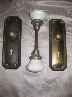 ANTIQUE MILK GLASS DOOR KNOBS AND BACKPLATES
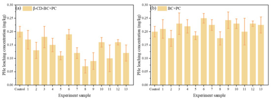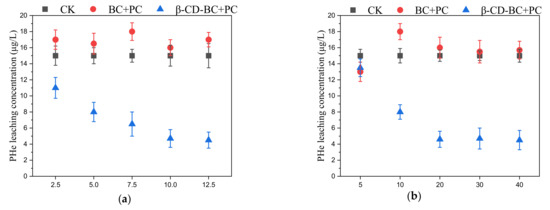 As shown in Figure 4a, BC and β-CD-BC were added to the soil for maintenance at the mass ratios of 2.5%, 5%, 7.5%, 10%, and 12.5%. The leaching rate of PHE in the cured BC/PC samples was higher than that in the blank group, which may be due to the hydrophilic environment of PC, which increased the leaching concentration of PHH in the soil. With the increase of β-CD-BC, the leaching concentration of PHe in the soil gradually decreases until it becomes stable, because the cyclodextrin cavity on the surface of BC is hydrophobic and has a good adsorption effect on PHe. Through the above experiments, β-CD-BC can effectively reduce the leaching concentration of PHe in the soil and has a good stabilizing ability. As shown in Figure 4b, the PHe leaching concentration of the sample cured by β-CD-BC + PC reached a stable level after 20 d.
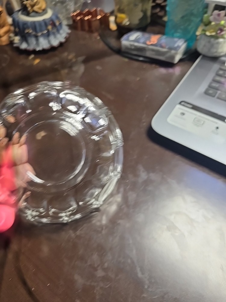 This vintage Clear Glass Bowl by Whitehall Fostoria is a small round dish with a Cubist pattern, characteristic of Mid-Century Modern style. Measuring 5.25 inches in width and 3 inches in height, it is ideal for serving nuts, sauces, candy, condiments, or as a decorative piece for all occasions. Made in the United States during the mid 20th century, this elegant bowl features pressed glass production and fused glass technique, adding a touch of sophistication to any table setting.
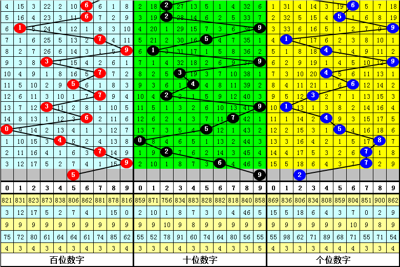 百位上期开出号码9,上升2点位,本期注意该位下降,参考号码5。
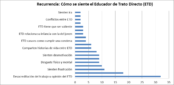 Se ha podido observar el descontento y el desgaste físico y mental de los/as educadores debido a que, entre otros aspectos, se sienten poco reconocidos en su labor e inseguros en su lugar de trabajo, lo que ha generado un aumento de inasistencia por bajas médicas. Probablemente esta situación se debe a su escasa preparación para manejar sus propias emociones al interior de un centro penitenciario donde se viven diariamente conflictos propios de los adolescentes que han cometido delito y que en su mayoría presenten consumo problemático de drogas e inestabilidad emocional.
· · · ·
ABOUT THIS EXERCISE
Output the listing above in full and exactly, with pictures excluded.

ANSWER SPACE
 ANTIQUE MILK GLASS DOOR KNOBS AND BACKPLATES
 As shown in Figure 4a, BC and β-CD-BC were added to the soil for maintenance at the mass ratios of 2.5%, 5%, 7.5%, 10%, and 12.5%. The leaching rate of PHE in the cured BC/PC samples was higher than that in the blank group, which may be due to the hydrophilic environment of PC, which increased the leaching concentration of PHH in the soil. With the increase of β-CD-BC, the leaching concentration of PHe in the soil gradually decreases until it becomes stable, because the cyclodextrin cavity on the surface of BC is hydrophobic and has a good adsorption effect on PHe. Through the above experiments, β-CD-BC can effectively reduce the leaching concentration of PHe in the soil and has a good stabilizing ability. As shown in Figure 4b, the PHe leaching concentration of the sample cured by β-CD-BC + PC reached a stable level after 20 d.
 This vintage Clear Glass Bowl by Whitehall Fostoria is a small round dish with a Cubist pattern, characteristic of Mid-Century Modern style. Measuring 5.25 inches in width and 3 inches in height, it is ideal for serving nuts, sauces, candy, condiments, or as a decorative piece for all occasions. Made in the United States during the mid 20th century, this elegant bowl features pressed glass production and fused glass technique, adding a touch of sophistication to any table setting.
 百位上期开出号码9,上升2点位,本期注意该位下降,参考号码5。
 Se ha podido observar el descontento y el desgaste físico y mental de los/as educadores debido a que, entre otros aspectos, se sienten poco reconocidos en su labor e inseguros en su lugar de trabajo, lo que ha generado un aumento de inasistencia por bajas médicas. Probablemente esta situación se debe a su escasa preparación para manejar sus propias emociones al interior de un centro penitenciario donde se viven diariamente conflictos propios de los adolescentes que han cometido delito y que en su mayoría presenten consumo problemático de drogas e inestabilidad emocional.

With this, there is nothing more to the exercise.